Minister of State Works, Housing and Urban Development
- Incumbent
- Assumed office 17 December 2008
- Preceded by: Halima Tayo Alao

Personal details
- Born: 4 January 1949 (age 77) Ethiope West, Delta State, Nigeria

= Grace Ekpiwhre =

Grace Ekpiwhre (4 January 1949) is career civil servant who retired in 2007. She was appointed by President Umaru Yar'Adua as Nigeria's Minister of Science and Technology in July 2007, and then became Minister of State Works, Housing and Urban Development in December 2008.

==Early life and education==

Grace Ekpiwhre was born on 4 January 1949 in the village of Ikweghwu in Agharho, in the Ughelli North Local Government Area of Delta State. She grew up in a village called Ovu Inland in Ethiope West, Delta State.
She attended Our Lady of Apostle College, Ijebu-Ode, Ogun State between (1962-1966),
and Federal Government College Warri (1967-1968).
She attended the University of Lagos, graduating with a BSc Zoology in June 1972.

== Career ==
Her first job was with the Bendel State civil service as Fisheries Officer Grade II.
She moved up through the ranks, holding positions that included Director General of Women's Affairs and Director General of Government Parastatals.
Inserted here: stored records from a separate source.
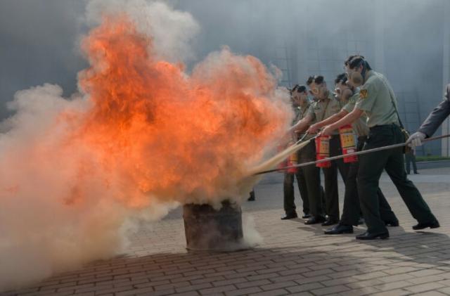 上午九点,伴随一声“哨响”防震避险消防逃生演练正式拉开序幕。参演学生迅速“紧急避险”,大家迅速抱头、重心下移蜷缩躲在角落里。当再次接到疏散指令后,学生们在安全引导员的指挥下迅速向安全区域有序撤离疏散。随后,“火警”响起,烟雾四起。体育馆内的学生以最快的速度到达所在的岗位进行人员疏导。消防疏散的警报后,学生们采取低头、毛巾捂鼻等方式快步穿越烟雾区,离开体育馆。整个活动撤离有序,行动迅速。活动最后,在场官兵为在场学生演示了灭火器的使用方法,并讲解注意事项。武装部部长肖宝生对学生们的应急处理进行表扬,并宣布本次防震避险消防逃生演练至此顺利结束。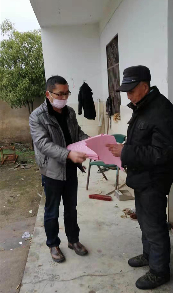 腊月二十八,当所有一家之主在置办年货、准备过年的时候,梅山村支部书记赵勇军还在村里安排年底收尾工作。原以为跟往年一样,二十九忙完就可以在家陪父母妻儿过一个安定祥和的春节,来弥补一年来因忙于工作而缺失的陪伴和关爱。结果,由于新型冠状病毒引起的肺炎疫情形势十分严峻,防控工作刻不容缓,杉木乡政府腊月二十九召开紧急会议,安排部署全乡疫情防控工作。疫情就是命令,防控就是责任。散会后,赵勇军迅速行动,第一时间召开村两委会议,传达上级相关精神,统筹安排村级防控工作,在村主要干道张贴县防控指挥部通告,挨家挨户发放《致全县父老乡亲的一封信》。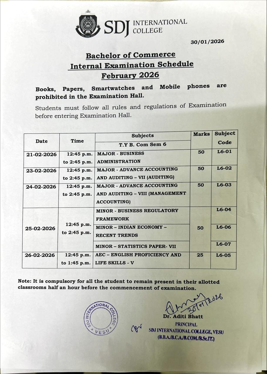 - TYBCA SEM-6 INTERNAL REVISED EXAM SCHEDULE AY2025-26 19/Jan/2026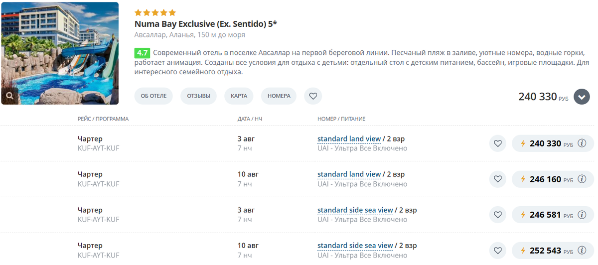 Стоимость тура в августе на 2-х взрослых, 7 ночей, питание "Ультра все включено", вылет из Самары - от 120 165 р/ч.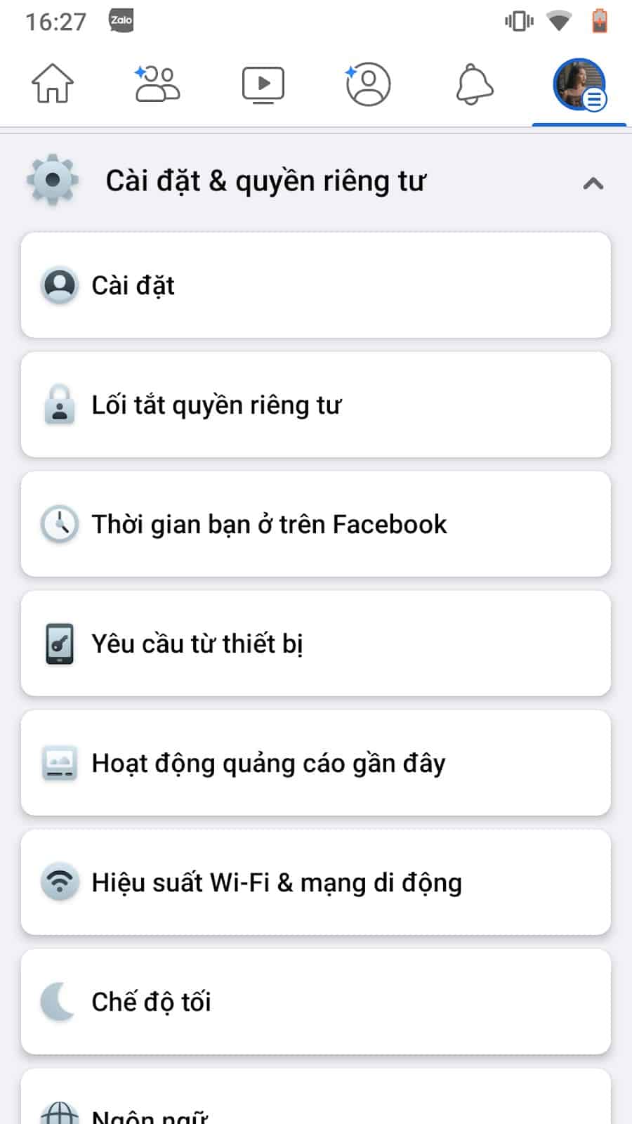 Bước 1: Từ màn hình chính của Facebook, bạn vào Cài đặt & quyền riêng tư rồi chọn Cài đặt.

She became a Permanent Secretary in 1999, at one time in charge of Housing. She was appointed Head of Civil Service, Delta State in 2002, and Chairman, Civil Service Commission in 2007.

==Political appointments==

Grace Ekpiwhre was appointed Minister of Science and Technology in July 2007.
After a cabinet reshuffle in December 2008, she was appointed Minister of State Works, Housing and Urban Development.